Jimmy Hutchinson (0.65 goals per game)
Jimmy Hutchinson scored 55 league goals in 85 games for Lincoln City, a return of 0.65 goals per game. Only one player in this series bettered that ratio, as you’ll see in the week.
Hutchinson’s story is not one of hype or reputation arriving at Lincoln, but of a player forged in football’s hardest years. Born in Sheffield in December 1915, he came through local football with Aqueduct before signing for Sheffield United prior to the Second World War. First team opportunities never materialised at Bramall Lane, but the war years reshaped his career. Like many players of his generation, Hutchinson guested extensively, turning out for Bradford City, Hull City, Port Vale, the Royal Navy, and, crucially, Lincoln. By the time league football resumed, Sincil Bank was already familiar ground.

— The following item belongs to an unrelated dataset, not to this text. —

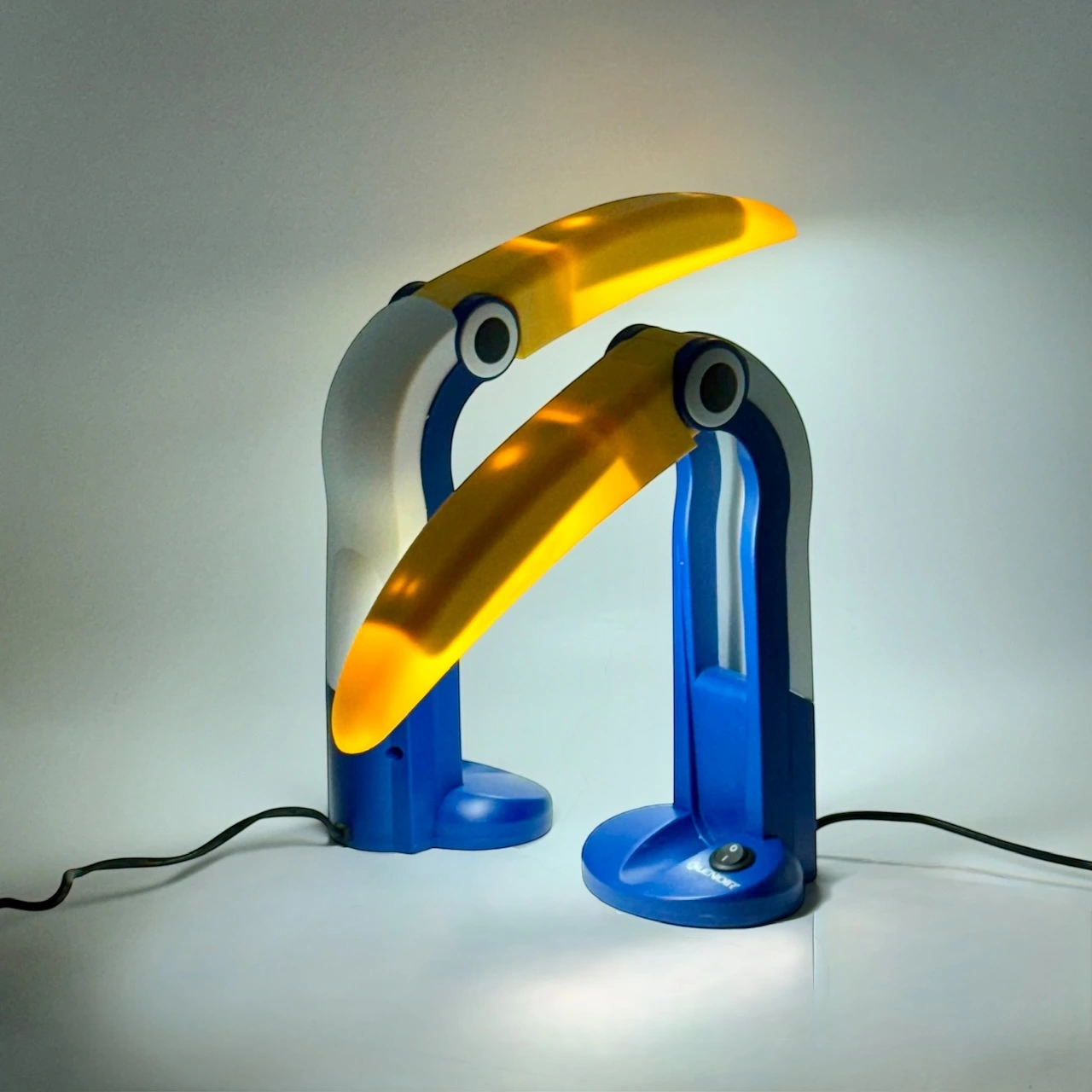 Add a cheerful touch to your home with this pair of Blue Toucan Lamps by Lenoir, model LE139 from the 1990s.

His first proper post-war move took him to Bournemouth and Boscombe Athletic in the Third Division South, where he scored three goals in eight games during the 1946–47 season. It was a modest return, but Lincoln saw enough to act quickly. What followed remains one of the most productive spells any Lincoln forward has ever produced.
Hutchinson arrived at City midway through the 1946–47 campaign and immediately transformed the attack. In 25 league games he scored 15 goals, then added another two in cup competition. That momentum carried straight into the following season, when he delivered a staggering 32 league goals in 41 appearances. Lincoln City won the Third Division North title by a single point over Rotherham United, and Hutchinson’s goals were central to that success. He was not simply scoring in bursts, he was scoring consistently, week after week, carrying the responsibility of a promotion chase without faltering.
Promotion brought tougher surroundings. The Second Division in 1948–49 proved unforgiving, and Lincoln struggled badly. Hutchinson still managed eight goals in 19 games, but the step up, combined with a faltering team around him, took its toll. City finished bottom and were relegated, bringing his Lincoln career to an end.
He left Sincil Bank with 55 league goals across just three seasons, having been top scorer during the title-winning campaign and a central figure in one of the club’s defining post-war moments. Later spells at Oldham Athletic yielded little by comparison, and he would not return to Football League prominence, eventually dropping into non-League football with Denaby United.